Re: Implementation feasibility (was: Re: Pragmatic Proposal for the Structure of the SHACL Spec) from Jose Emilio Labra Gayo on 2015-03-20 (public-data-shapes-wg@w3.org from March 2015)

From: Jose Emilio Labra Gayo <jelabra@gmail.com>
Date: Fri, 20 Mar 2015 18:48:03 +0100
To: Dimitris Kontokostas <kontokostas@informatik.uni-leipzig.de>
Cc: Holger Knublauch <holger@topquadrant.com>, public-data-shapes-wg <public-data-shapes-wg@w3.org>
Message-ID: <CAJadXXKuL70GMOCQBpBGRVSjEeHZjgLN-BvfLMCvPG9g0uroWw@mail.gmail.com>
On Fri, Mar 20, 2015 at 5:54 PM, Dimitris Kontokostas <
kontokostas@informatik.uni-leipzig.de> wrote:

>
> On Mar 20, 2015 10:13 AM, "Dimitris Kontokostas" <
> kontokostas@informatik.uni-leipzig.de> wrote:
> >
> >
> >
> > On Thu, Mar 19, 2015 at 10:46 PM, Holger Knublauch <
> holger@topquadrant.com> wrote:
> >>
> >> On 3/20/15 2:52 AM, Arnaud Le Hors wrote:
> >>>
> >>> I have to differ on the point that the organization of our documents
> is up to the editors. This is very much a WG decision and there is actually
> very practical consequences that we need to consider and may influence how
> we want to organize our documents.
> >>>
> >>> One of them is that to become a Recommendation a specification needs
> to successfully go through Candidate Recommendation and gather enough
> implementation support (what exactly "enough" means is to be defined by the
> WG but it's a least 2 implementations). If everything is in one document,
> we need to get that  whole document to get enough implementation support to
> become a Recommendation.
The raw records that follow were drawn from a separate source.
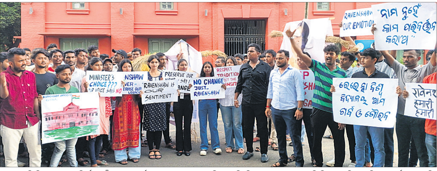
ରେଭେନ୍‌ଶା ବିଶ୍ୱବିଦ୍ୟାଳୟର ନାମ ପରିବର୍ତ୍ତନ ପାଇଁ କେନ୍ଦ୍ର ମନ୍ତ୍ରୀ ଧର୍ମେନ୍ଦ୍ର ପ୍ରଧାନ ଦେଇଥିବା ମତ୍ତବ୍ୟକୁ ବିରୋଧ କରି ରବିବାର ଛାତ୍ରାଭିଯାନକାରୀ ଦଳର ବିଶେଷ ପ୍ରଦର୍ଶନ କରାଯାଇଛି ।
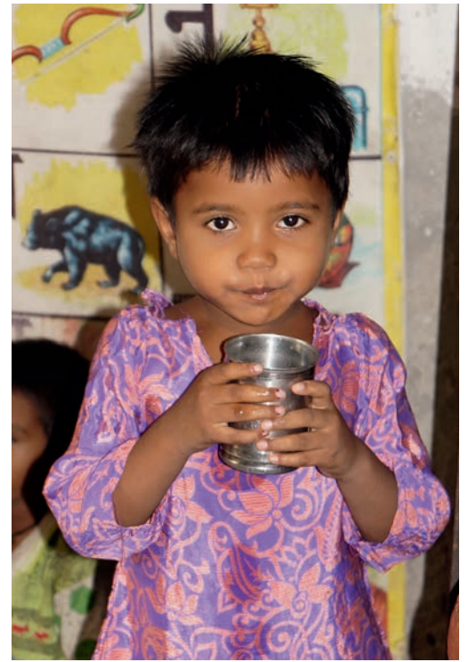
Im Kindernothilfe-Förderzentrum bekommen die Kinder sauberes Wasser und Essen, hier lernen sie lesen, schreiben und rechnen. In liebevoller Umgebung können sie wieder Kind sein.
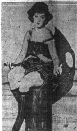
Nowy kostium kąpielowy, wyobrażające pająka z pajęczyną. — Konkurencja kąpielowych piękności w Kalifornii prowadzi do niezwykłych pomysłów. Wymyśliły kostium z pajęczyną, jakby i bez tego nie były w stanie opętać mężczyzny.
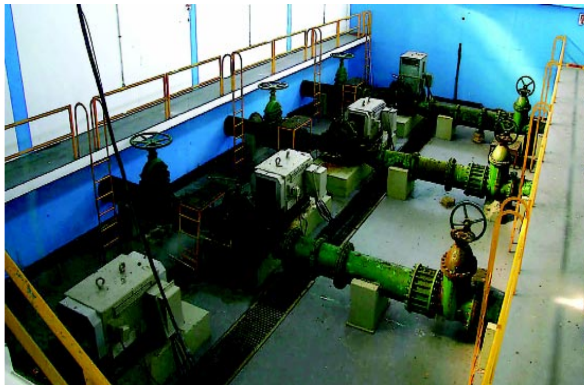
As melhorias serão realizadas numa área próxima da atual Estação. A antiga unidade também será reformada

As melhorias serão realizadas numa área próxima de onde opera a atual Estação. Além do processo de construção, a unidade atual tam-
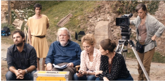
6 – Une équipe très réduite.
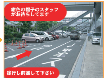
★ 紺色の帽子をかぶったスタッフがお待ちしております!
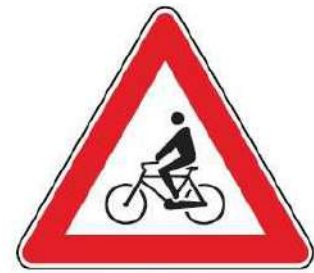
FIG. 14 ATTRAVERSAMENTO CICLABILE
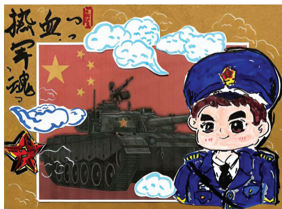
洞山中学 三(9)班 詹和泽
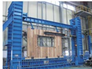
■大型面内せん断試験装置 壁・床・屋根など主要構造部位の面内せん断試験に対応
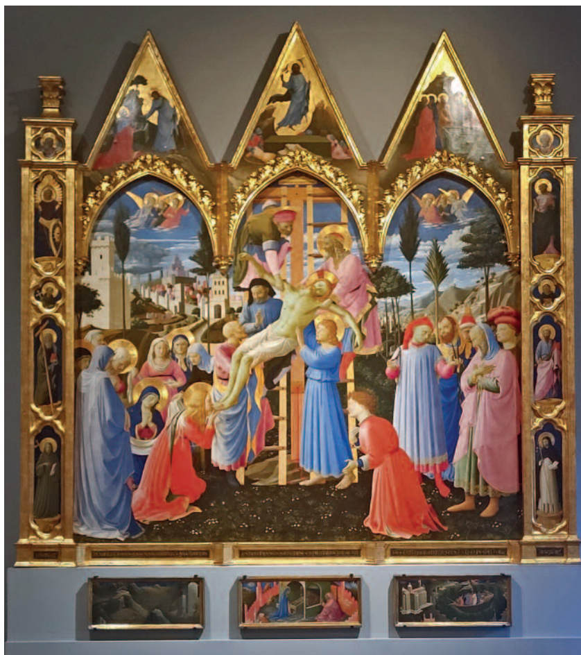
Beato Angelico, Pala di Santa Trinità (Deposizione dalla Croce) – Firenze, Museo di San Marco (1430-1432 ca.)

Con 250.000 visitatori registrati nella sede di Palazzo Strozzi e 100.000 nella sede del Museo di San Marco, Beato Angelico ha bat-
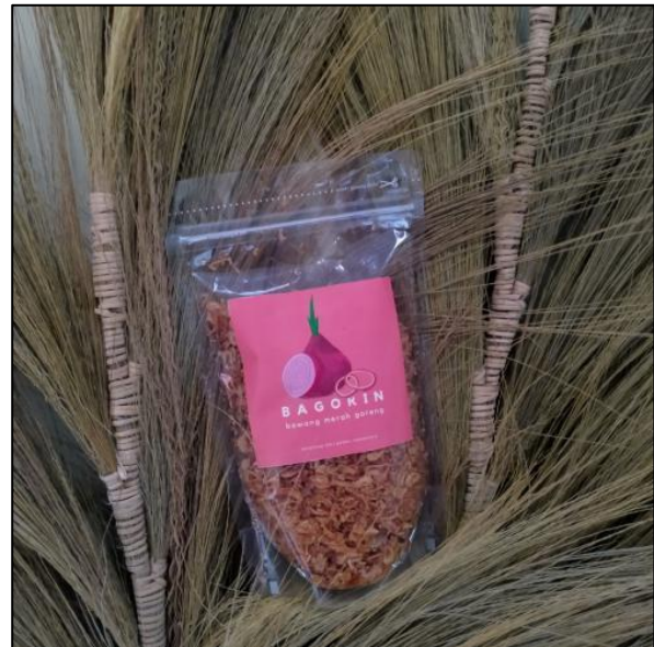
Gambar 3. Pembuatan Logo Produk Bawang Goreng

penjualan secara online masyarakat akan sangat terbantu. Selain itu, penjualan secara online juga sangat cocok dan tepat ketika dilakukan di masa pandemi Covid-19 seperti saat sekarang ini.
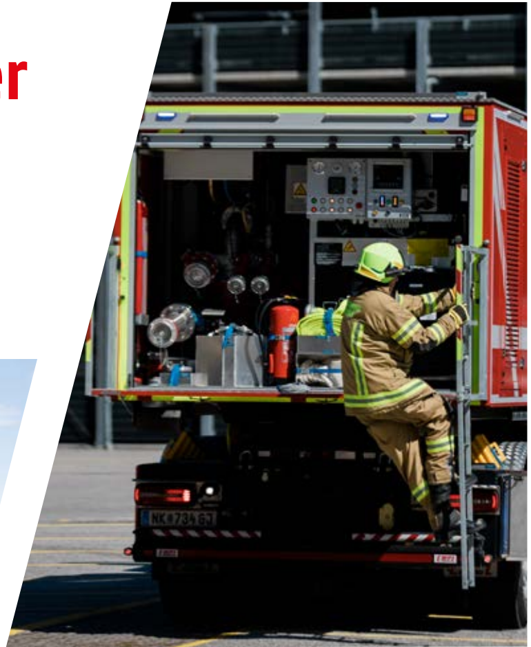
Abrollbehälter mit Wasser / Schaum Tank Roll-off container with water / foam tank
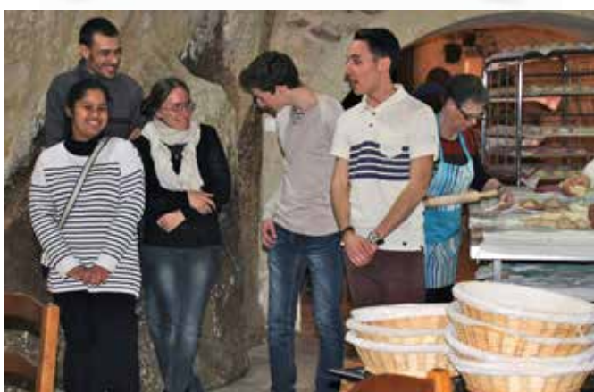
< Soirée fouées proposée par les jeunes qui assisteront aux JMJ.
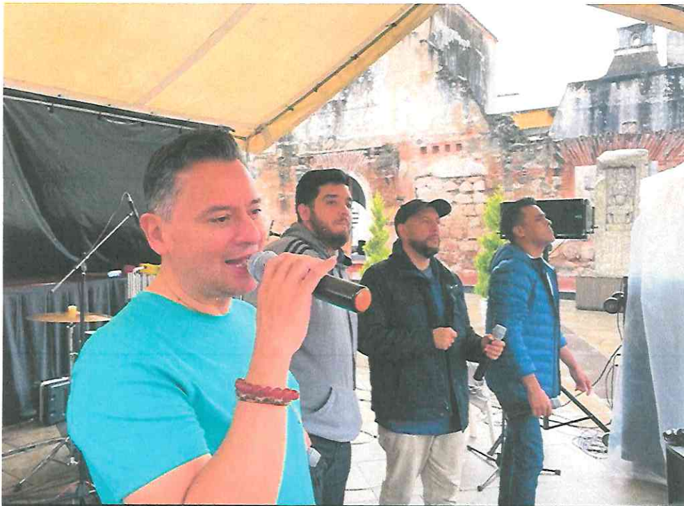
Esperanto "Prueba de Sonido"
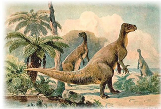
ภาพวาดไดโนเสาร์อิกัวโนดอนโดยศิลปินไฮน์ริช ฮาร์ดอร์ (Heinrich Harder) ในราวๆ ปี 1916

Newton) กลับดูวิจิตรพิสดารราวกับเป็นสัตว์จากโลกหิมพานต์ มีหัวเหมือนม้า มีขาเหมือนช้าง มี
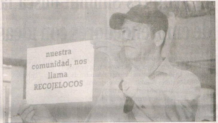
Como transporte ilegal han prestado sus servicios y beneficiado a los ciudadanos.

A lo largo de los años, los residentes de los barrios Torices, Paseo Bolívar, Nariño, Daniel Lemaitre, Canapote, San Francisco, La María y La Esperanza, son los que más se han visto beneficiados por el transporte ilegal, y aunque suena controversial son barrios muy limitados en opciones transportes públicos, lo que le obligó por años a los ciudadanos a usar los Jeep". Con la llegada del Sistema Integrado de Transporte Masivo, SITM, el panorama para este transporte ilegal que por años le había sido útil a miles de ciudadanos comenzaba a oscurecer, ya que al entrar los alimentadores de Transcaribe a dichos barrios, los vehículos tendrían que salir de las carreteras y ser

If we split the document in smaller pieces,
> various pieces might move along at a different pace.
> >>>
> >>> For instance, we might be able to get the higher level set that
> doesn't require support for SPARQL extensions as a REC sooner.
> >>>
> >>> This is also something to consider when thinking about the
> dependencies between the different layers. With the bottom up approach, if
> we end up with the higher level having a normative reference to the lower
> level it won't be able to get to REC until the lower level is. This is also
> true if the higher level is defined as a "profile" (i.e., a specification
> that defines a subset of a full spec) of the main spec.
> >>
> >>
> >> The argument about implementation support is not strong enough. As
> stated TopQuadrant will provide an open source implementation of the full
> spec that is tracking the progress as soon as we decide to go to FPWD
> state. In the IRC log, Dimitris has also announced that he will work on
> another implementation. Finally, while I cannot speak for them, we have at
> least one SPARQL database vendor in our group (I am not sure what happened
> to Arthur Keen, I don't see him on the list anymore). This sounds like at
> least 3 implementations from within the group already, and we still have
> 1.5 years to go.
>

Holger, you only mention SPARQL based implementations...this contradicts
the assertion that it will be possible to have non-sparql based
implementations.

At this moment, there are already some implementations that show that
non-SPARQL based implementations of the core language are feasible.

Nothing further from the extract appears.